Here milling breakage is nil. Retains high nutritive value. No unpleasant smell during cooling. Leaching loss is present.
Methods available in Italy are as follows.
Avorio process is a method of parboiling present in Italy in which paddy is held in perforated basket and moved in hot water tank. Then the paddy is steamed in rotating cylinder. Here leaching loss is present.
Converted rice process is another method of parboiling available in the country where air is evacuated from the grains. Water at relative low temperature is forced in by hydrostatic pressure. Then steamed in cylinders, vacuum dried in the same cylinders. Here leaching loss is present.
Method available in Surinam is as follows.
Fernandes process is the method available for parboiling in the country. Here paddy is soaked in hot water. Hot water is passed through perforated sidewall of rotating cylinders fitted with screw conveyor. Then the paddy is steamed in the rotary cylinders of same construction.
Here leaching loss is present.
In counties such as Italy and United States, parboiling of rice has been fully automated. But in the major parboiled rice producing and consuming counties (i.e., India, SriLanka, Bangladesh and Burma) a semiautomatic process of parboiling is developed by the Central Food Technological & Research Institute (CFTRI, Mysore), is practiced in large milling installations. The facilities in such installations include 4-8 steeping vessels with built-in steam coils, hot water tank, pressure boiler, mechanical dryers with steam heat exchangers or husk-fired furnaces for drying paddy, and mechanical handling equipment.

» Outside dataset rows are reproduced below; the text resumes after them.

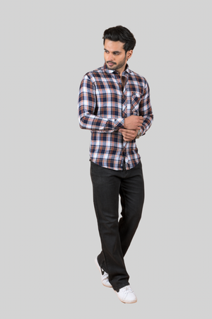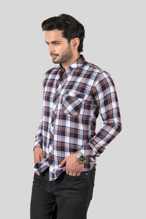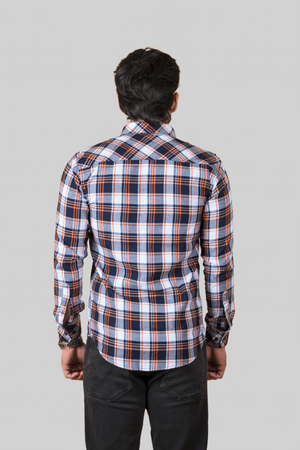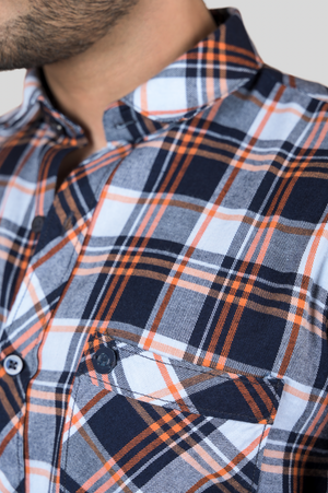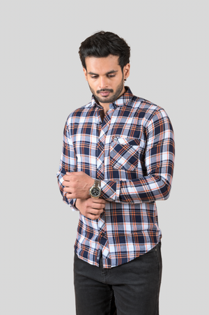 dark blue check shirt Looks great with a jacket. The slim silhouette evokes a mature appeal. The smooth Touch of the Cotton Fabrics brings a softness & luxurious feel to your style. The pleasant touch of the fabric enhances the style & the appearance of the suit with a Cotton that offers an impeccable look for any occasion. All garments go through quality tests before being delivered.
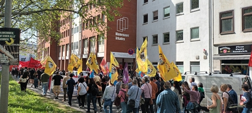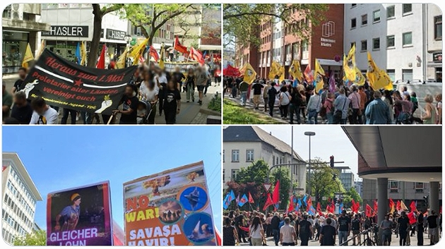 1 Mayıs vesilesiyle kitle saat 10:00’da Mannheim DGB binası önünde toplandı. Sendikanın yanı sıra Alman partilerin, Mannheim ve çevresinde faaliyet gösteren demokratik kitle örgütlerinin çağrısı ile yüzlerce emekçi bir araya geldi ve sendika binası önünde başlayarak şehir merkezine doğru “1 Mayıs kızıldır kızıl kalacak”, “Yaşasın enternasyonal dayanışma”, Faşizme karşı omuz omuza” sloganları eşliğinde yürüyüşe geçti.
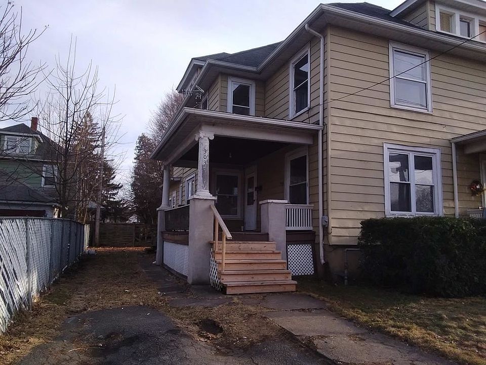 Spacious 3 bedroom, 1 bath Duplex with nice front porch 1st floor laundry, new carpet, freshly painted, includes range, refrigerator, washer & dryer hookups, partially fenced backyard, off street parking
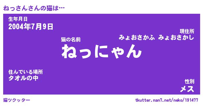 | 生年月日? …「くろねこ」 | 8月01日 10:16 |
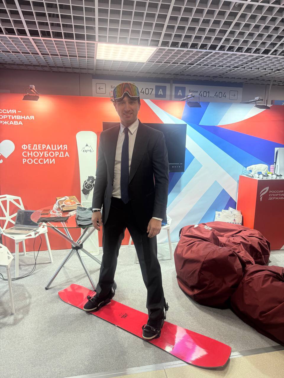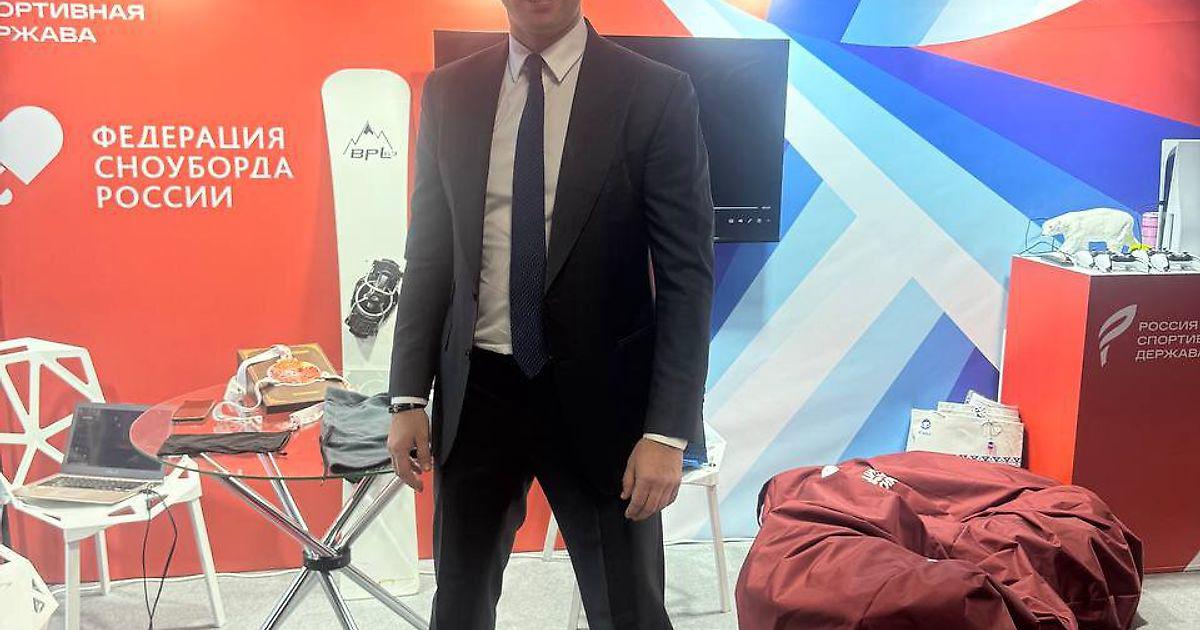 Вице-президенту Федерации хоккея России (ФХР) Роману Ротенбергу подарили красный сноуборд на форуме «Россия – спортивная держава».
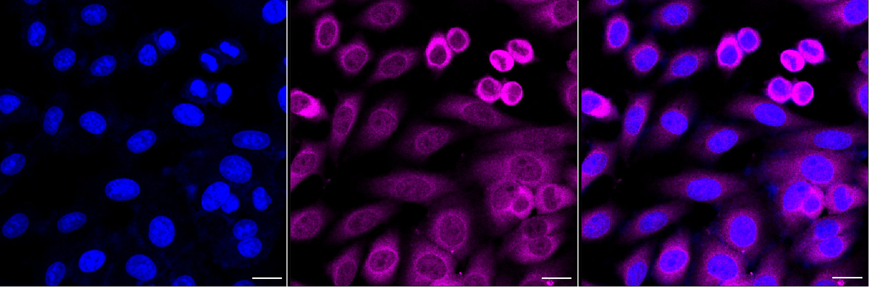 Immunocytochemical staining of HepG2 cells with TCP1 antibody. Nuclei were stained blue with DAPI; TCP1 was stained magenta with Alexa Fluor? 647. Images were taken using Leica stellaris 5. Protein abundance based on laser Intensity and smart gain: Medium. Scale bar, 20 μm.
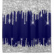 Spark Drips Glitter Effect Blue Navy Silver Grey Shower Curtain
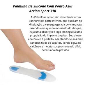 As Palmilhas action são desenhadas com ranhuras na parte inferior, que auxiliam na dissipação da energia gerada pelo impacto, fazendo com que no momento do choque, haja uma absorção e logo em seguida uma propulsão do impacto da pisar. Seu ajuste anatômico é perfeito, adaptando-se aos mais variados tipos de sapatos. Tendo ogiva no calcâneo e metatarsos promovendo alívio acentuado da pressão.

The steeping vessels are filled with hot water at 80-85o C and the raw paddy quickly transferred into it from overhead surge bin. The water is circulated for 15-20 minutes and then maintained at 65o C for 6 to 8 hours, after which it is drained off. Steam is let into the built -in steam coils, and the paddy is steamed for 10-20 minutes and then moved to a dryer through belt conveyers.
DRAWBACKS OF THE PRIOR ART:
The current practice of paddy parboiling using steam in rice processing units involves long processing time of 6 to 8 hours. This results in large amount of steam consumption per tonne of paddy i.e., 200 Kgs of steam per tonne of paddy. Moreover, the resultant rice produced in the process has light yellowish brown colour due to long exposure to steam. Present - day, consumer do not prefer it.
OBJECTS OF THE INVENTION
Considering the short comings of the processes described in the prior art, there is every need to develop a method for the pneumatic pressure paddy parboiling which is comparatively a new concept in paddy parboiling particularly where pneumatic pressure is used to accelerate the rate of diffusion of water into paddy grain during soaking treatment. The process consists of soaking the paddy at an intermediate temperature of water under pneumatic pressure and giving steam to soaked grain at gelatinization temperature (GT) or above gelatinization temperature further drying of steam treated paddy and milling.
Accordingly, it is an object of the invention to provide an improved parboiled rice product.
It is yet another object of the invention to provide a parboiled rice product which process is completed in very shorter time.
It is an additional object of the invention to provide a parboiled rice product, which has all the advantages of conventional parboiled rice.
It is another object of the invention to provide a parboiled rice product that has not much colour change vis-a-vis that of typical raw rice with white colour.
It is another object of the invention to provide a parboiled rice product, which has soft texture.
It is still another object of the invention to provide a method for the preparation of the above-mentioned parboiled product.
SUMMARY OF THE INVENTION:
The machinery is novel equipment using a novel method of parboiling of paddy before it is milled. The process involves double steaming involving the first steam used to heat the paddy and second steam used for gelatinisation of paddy.
The Air inlet, hot water inlet, overflow/air vent, sight glass and Temperature Guage are fixed in the cylindrical portion of the pneumatic pressure vessel. The paddy inlet, Pressure Guage and safety valve are provided in the dished end of the pneumatic pressure vessel. The steam inlet, paddy outlet and drain are provided in the cone portion of the pneumatic pressure vessel.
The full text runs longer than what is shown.